# Videos auf Buffed.de



## Dakia (5. Oktober 2013)

Hallo,

seit einiger Zeit habe ich dezente Probleme mir die Videos auf Buffed in HD anzusehen.
5 sec. Video ziehen 20 sec. Ladepause nach sich. Vor ein paar Wochen waren HD-Videos auf Buffed noch kein problem.

Meine 6 Mbit-Leitung ist jetzt zwar nicht der Hitt, aber 720p Videos laufen normalerweise ohne Ladepausen. Was auf anderen Videoportalenauch immer noch problemlos funktioniert.

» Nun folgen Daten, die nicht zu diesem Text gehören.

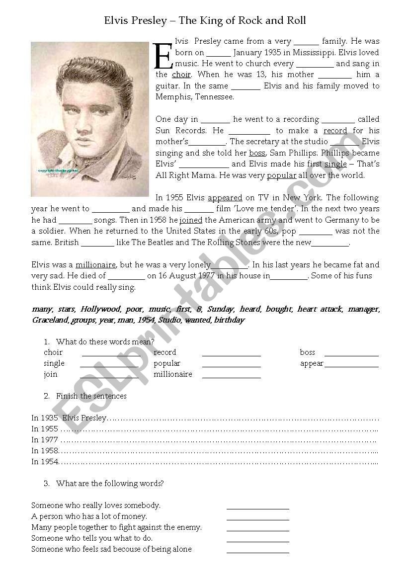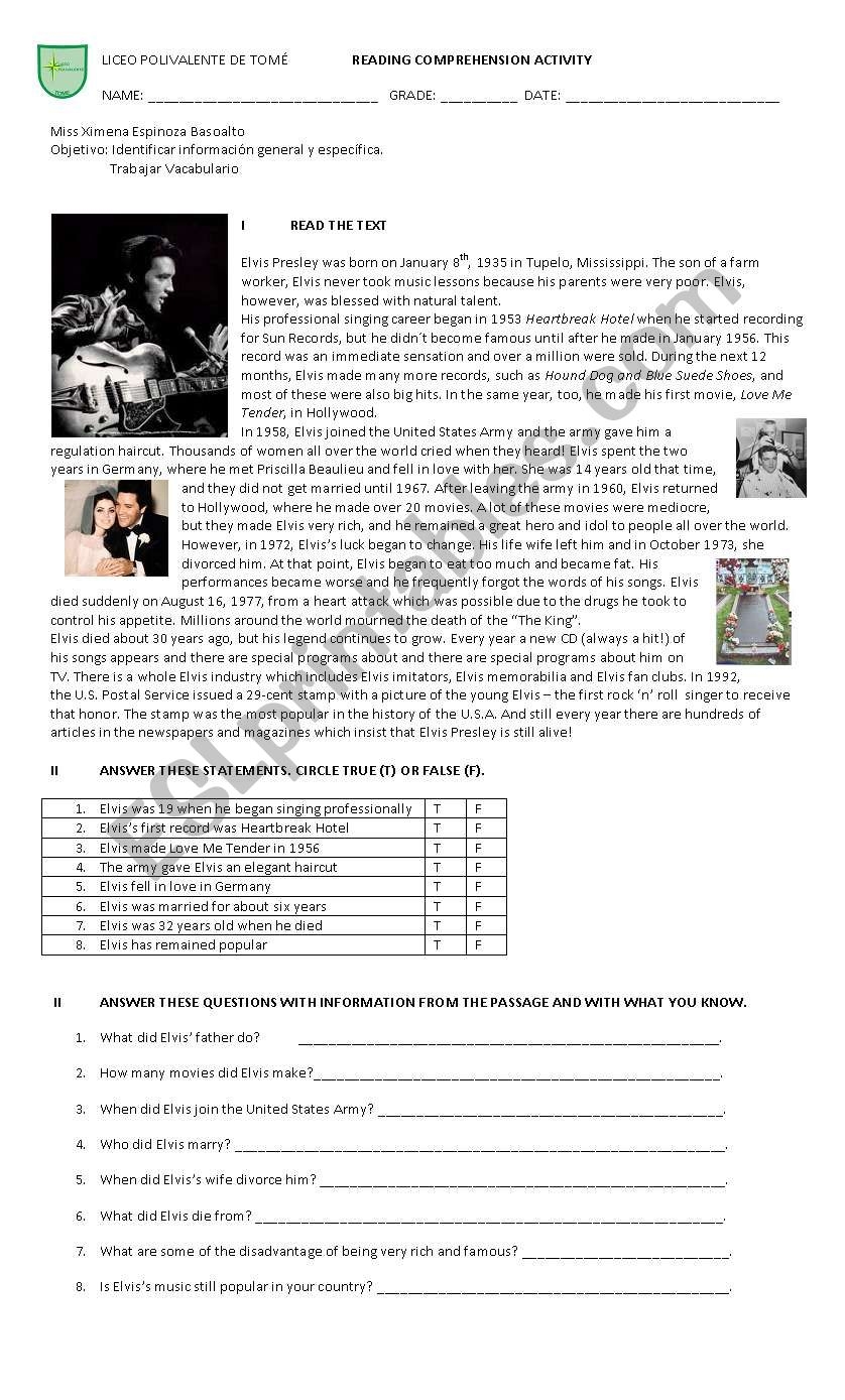 Elvis Presley Reading Comprehension ESL Worksheet By Ximena 14
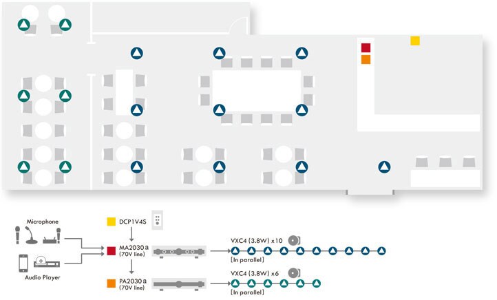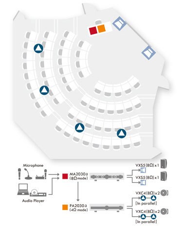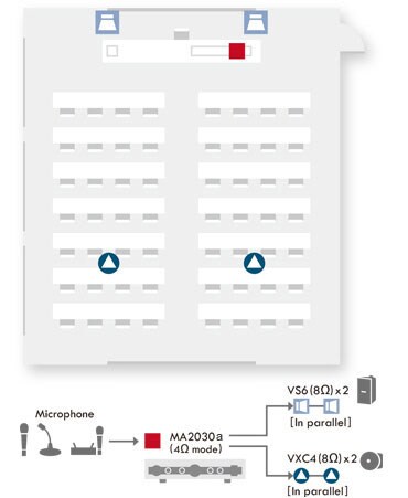 Este sistema es adecuado para su uso en salas de conferencias o salones de actos. Se utiliza un MA2030a en modo de 8 Ω y un PA2030a en modo de 4 Ω accionando un par de altavoces de montaje en superficie VXS5 (8 Ω cada uno) y cuatro altavoces de techo VXC4 (8 Ω cada uno) respectivamente. Se pueden conectar múltiples micrófonos al MA2030a y el nivel global de salida en la sala se puede controlar fácilmente mediante el mando de volumen del panel frontal.
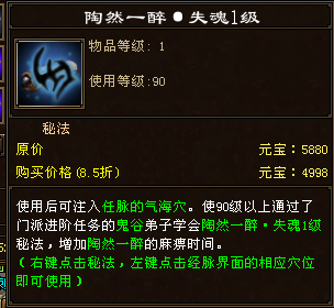 而陶然一醉满心法后是6秒的控制,但是面临现在豪侠印的减免伤害的满级减免两秒,所以控制时间只有4秒。
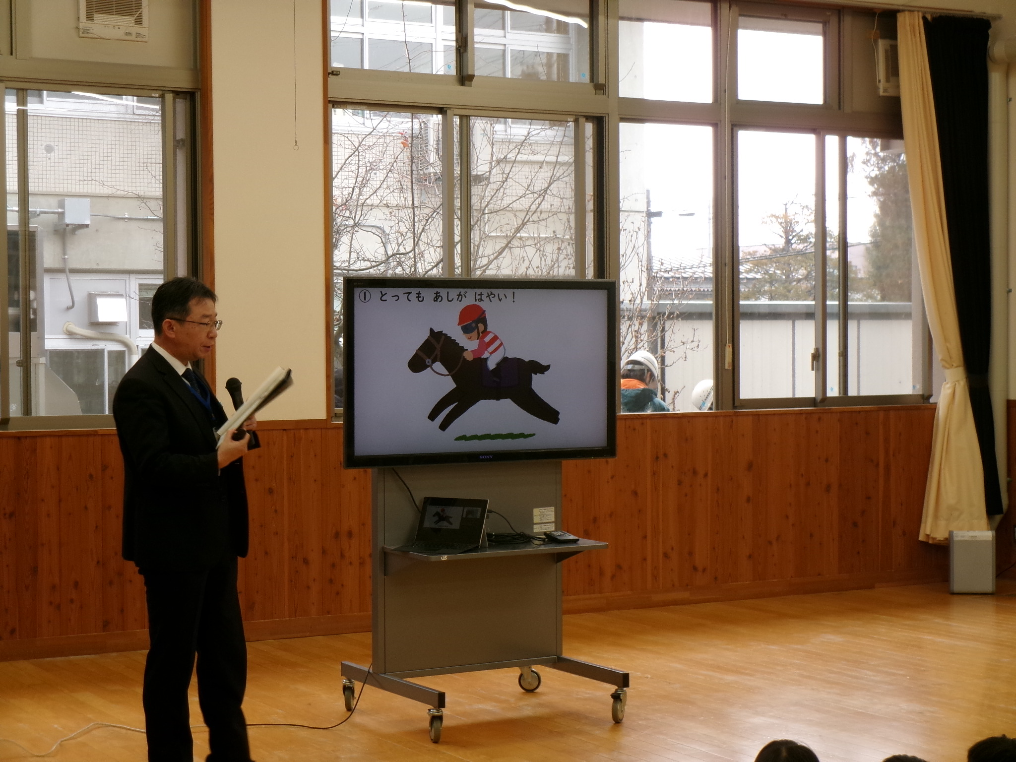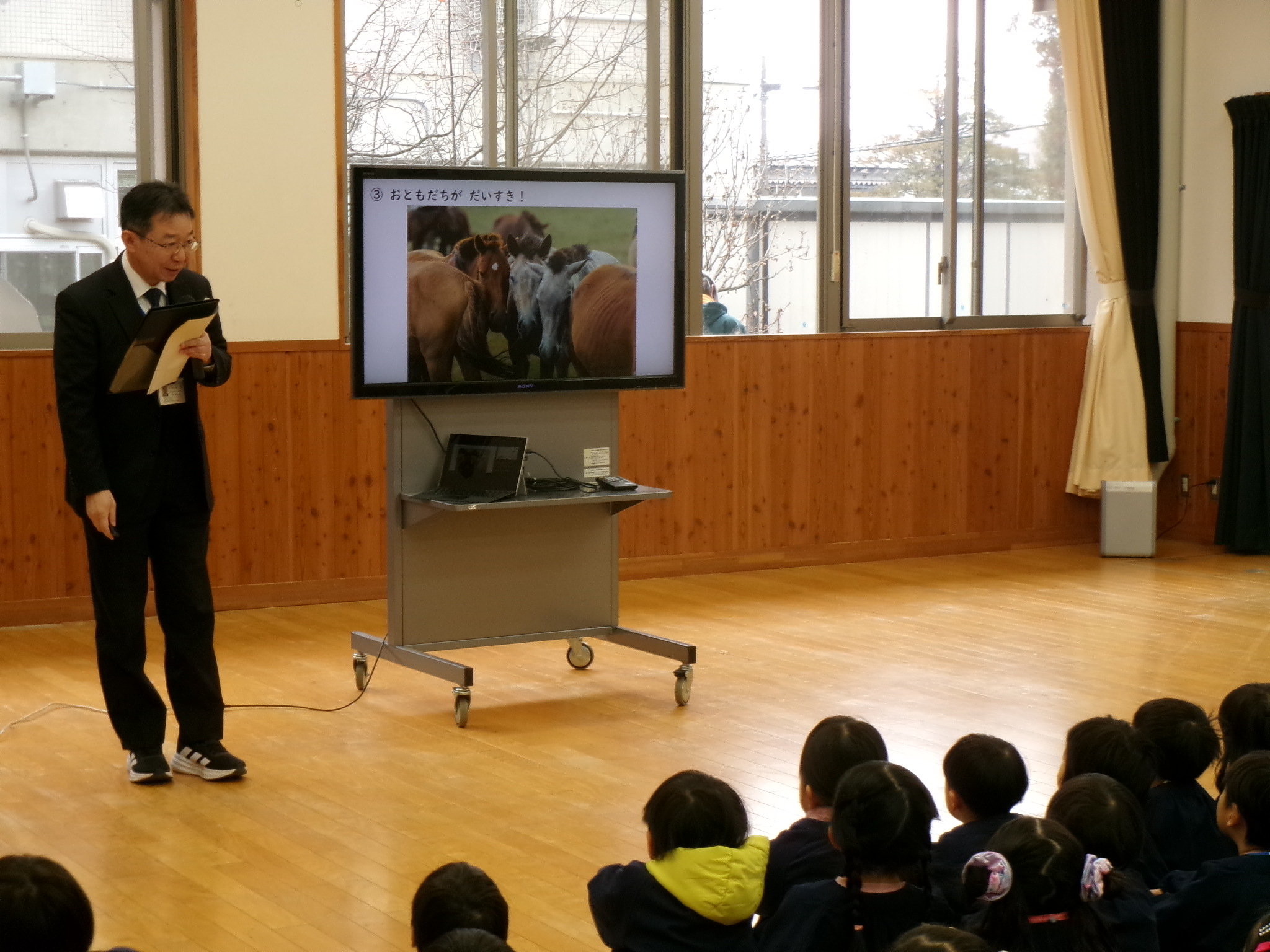 一歩一歩、頑張って坂道を上がっていくお馬さんのお話をお聞きしました。
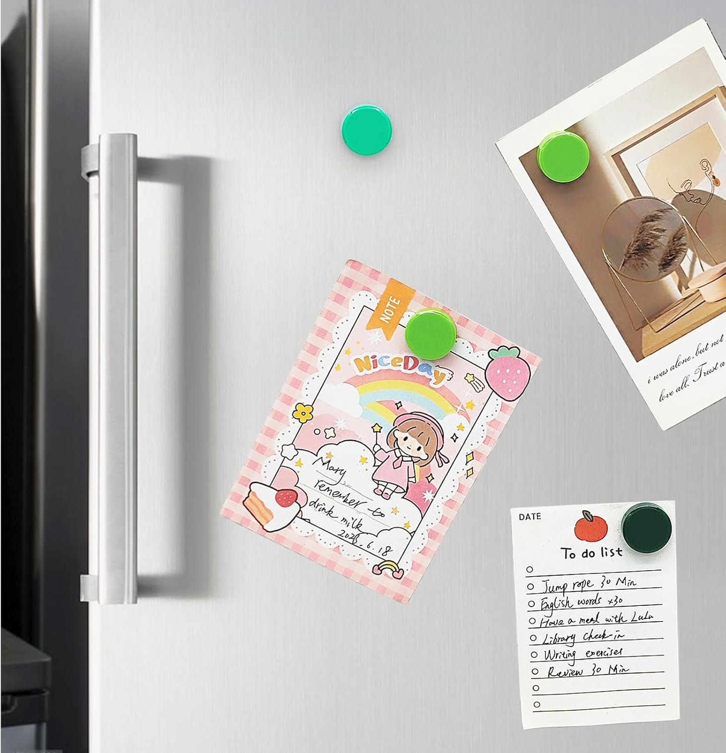 - 【Decorative magnets - perfect gift】 This small round magnets is colorful and eye-catching, gives your decoration a bright color and makes your life more exquisite. These white board magnets can not only decorate your home or office, but also help organize your clutter and create more space to make your environment cleaner and more attractive. These fridge magnet calendar also make a perfect gift for friends, loved ones, children and colleagues or teachers.
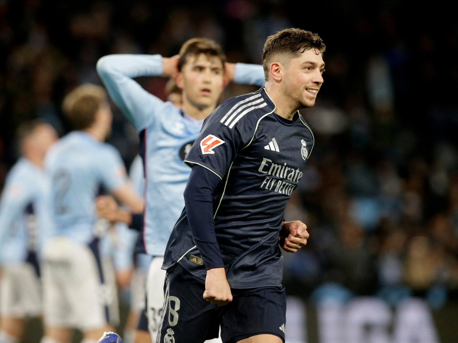 Federico Valverde segna nei minuti di recupero mentre il Real Madrid vince 2-1 in casa del Celta Vigo e mantiene la corsa al titolo della Liga.
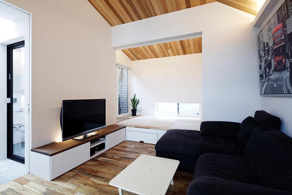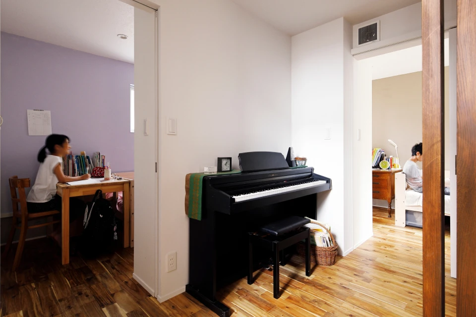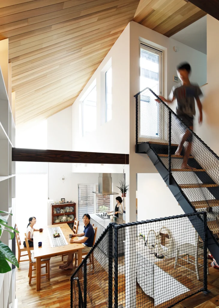 The semi-basement first floor features a whole-house heating system. Combined with airtight, high-insulation construction, the home remains warm from entrance to bathroom using minimal energy.
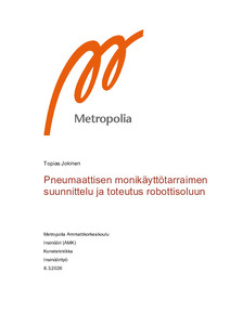 Työn tavoitteena oli suunnitella ja toteuttaa pneumaattinen monikäyttötarrain robottisoluun. Monikäyttötarrainta käyttäen robottikäsivarren ja kaksikaraisen automaattisorvin välistä yhteistyötä voidaan tehostaa. Tämä ratkaisu tehostaa sorvattavien kappaleiden tuotantoa nopeuttamalla valmiiden kappaleiden siirtoa sorvista ja uusien aihioiden tuomista sorviin. Työn tarkoituksena oli toteuttaa tarttujien kiinnitys robottiin. Lisäksi työssä käsiteltiin tarttujien ohjausta robotin käyttöliittymän avulla.
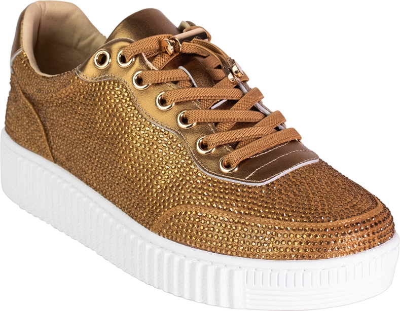 Step into radiant style with the Bromlee Sneaker , a dazzling blend of sporty comfort and glamorous sophistication. This sneaker is meticulously crafted to make a bold fashion statement while delivering everyday wearability. The upper is lavishly embellished with fine toned crystals that catch the light from every angle, creating a shimmering, jewel-like effect. Each crystal is precisely set against a smooth metallic base, giving the shoe a seamless and refined sparkle. The sneaker features sleek metallic overlays around the eyelets and lace guard, enhancing its luxurious appeal.
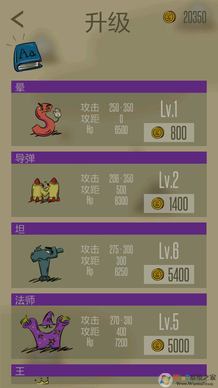 1.一开始进游戏只有一个兵种其实就是A,这都是快穿炮灰小兵,靠数目制胜,在杀怪时关键导出或是独特兵种,特别是范围攻击的。但是在打较难打得说话不清楚的时候我们主要依靠这种小兵的总数优点,升至100+跟其他升满之后打说话不清楚应当问题也不大了。2.独特兵种中,我是觉得最好用的是T(坦)和H(法师),这俩是范围攻击,应对微信大群低等怪物时,可能免伤战胜她们,赚金币极快。还有一个就不得不说的便是字典了,这一靠的是本人积淀,每一次游戏时收集右上方英语单词里的英文字母,26个英文字母齐了就能招唤字典(误),字典导出高,覆盖面广,而且还是范围攻击,血较为薄一点。
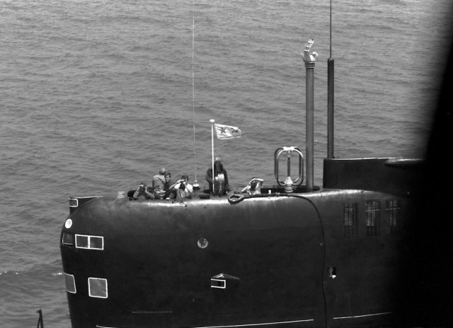Для примера выкладываю фотографию лодки 641 проекта с новым "ходовым" флагом.
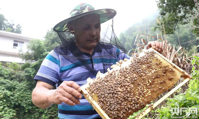 左和平查看蜜蜂養(yǎng)殖情況
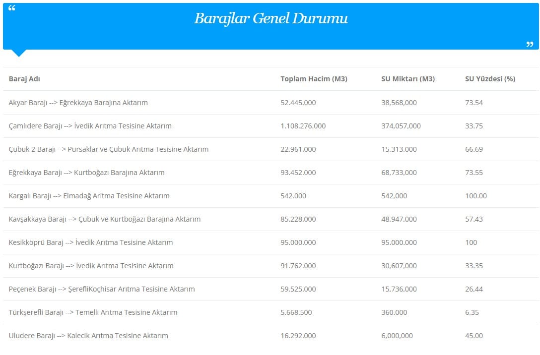 ASKİ’nin 16 Nisan 2026 raporuna göre, Ankara’ya su sağlayan barajlardaki son doluluk oranları şu şekilde:
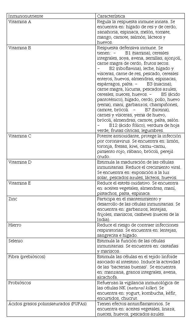 No está comprobado que el consumo de algún nutriente pueda ayudar a prevenir la infección causada por la presencia del virus COVID-19 en nuestro organismo en sujetos con sintomatología leve. Aunque algunos nutrientes como: cobre, folatos, hierro, selenio, vitamina A, vitamina B12, vitamina B6, vitamina C, vitamina D y zinc contribuyen al funcionamiento correcto del sistema inmunitario. Tal como menciona European Food Safety Authority (EFSA, 2020), no se puede concluir aún que el consumo de estos nutrientes puede detener el riesgo de padecer complicaciones sintomatológicas del nuevo virus ni mucho menos consumir estos nutrientes para este fin. Esta última conclusión ha sido revisada a detalle sobre potenciales intervenciones dietéticas en coronavirus reforzados por las conclusiones de un trabajo realizado sobre SARS, MERS y COVID-19 (Academia Española de Nutrición y Dietética, 2020).
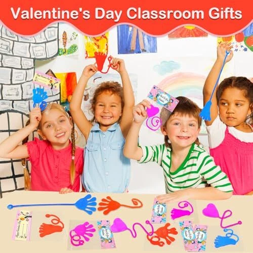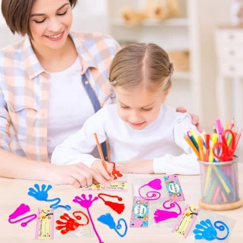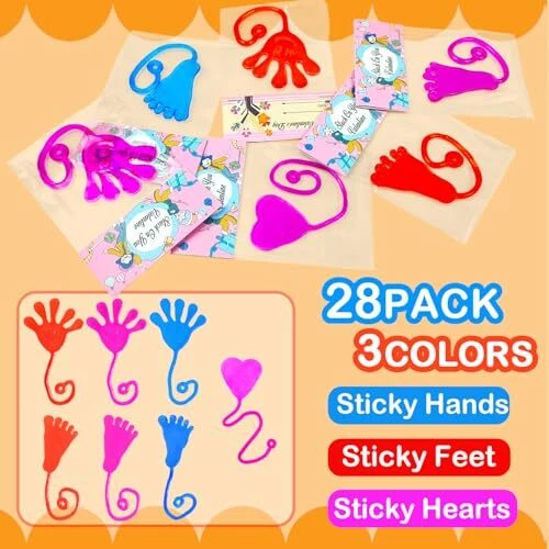 Return Policy Fast Delivery Trusted seller Valentines Day Gifts Cards for Kids Classroom, 28-Pack Sticky Hands Feet Hearts Toys with Class Exchange Cards, Valentines non candy Treats Goodies Prizes School Party Favors for Toddlers Boys Girls Product Description 28 Valentines Toys with Cards - This set includes sticky hands, sticky feet, sticky hearts with Valentines cards that allow your kids to write names on them. Valentines Gifts for Kids Classroom - Great Valentines school class gifts for your kids to give out to their classmate and friends on Valentine's Day. Valentines Party Favor Supplies - Excellent fun gifts goodie bag stuffer filler prizes non candy treats for kids party at school. Stretchy & Slimy Toys - These toys are made of vinyl, which is sticky, slimy, stretchy, and gooey. Kids' Favorite Stuff - Kids will love tossing and flinging them on the ceiling, walls, windows, and tables. It will keep them entertained for hours. Fun for All Ages - Perfect for preschool, kindergarten, daycare toddler boys girls and older kids who love playful fun. Shipping Returns Payment Shipping Shipping is FREE to all addresses other than APO/PO boxes in the lower 48 states. All our stock ships from US-based warehouses. Shipped via USPS or UPS (depending on location and package weight) Unless stated otherwise, all orders will ship within 24-72 hours of your payment being processed. Check our feedback to see the great reviews of FAST shipping we offer. Returns Seller does not accept returns Payment We currently accept payment via eBay managed payments only. Once payment is cleared, we will dispatch your shipment within 1-3 business days. Please refer to the "Shipping" tab for more information regarding shipping speed to your destination.

Vieleicht kann ja einer der Technikverantwortlichen von Buffed was dazu sagen.


----------



## Tikume (5. Oktober 2013)

Ich bezweifle dass das an buffed liegt, ich habe das Problem da nicht.
Die meisten Videos werden auch auf dem buffed Youtube kanal gepostet, ev. hilft Dir das ja.

Ich habe z.B. eher das Problem bei Youtube und das liegt an der lieben Drosselkom


----------



## Grushdak (5. Oktober 2013)

Argh, zum Glück war es noch kopierbar.
Sagt doch, wenn ihr gerade ein Topic verschiebt während ich schreibe 
---------------------------------------

Ich musste meinen PC gestern erst wieder neu aufsetzen.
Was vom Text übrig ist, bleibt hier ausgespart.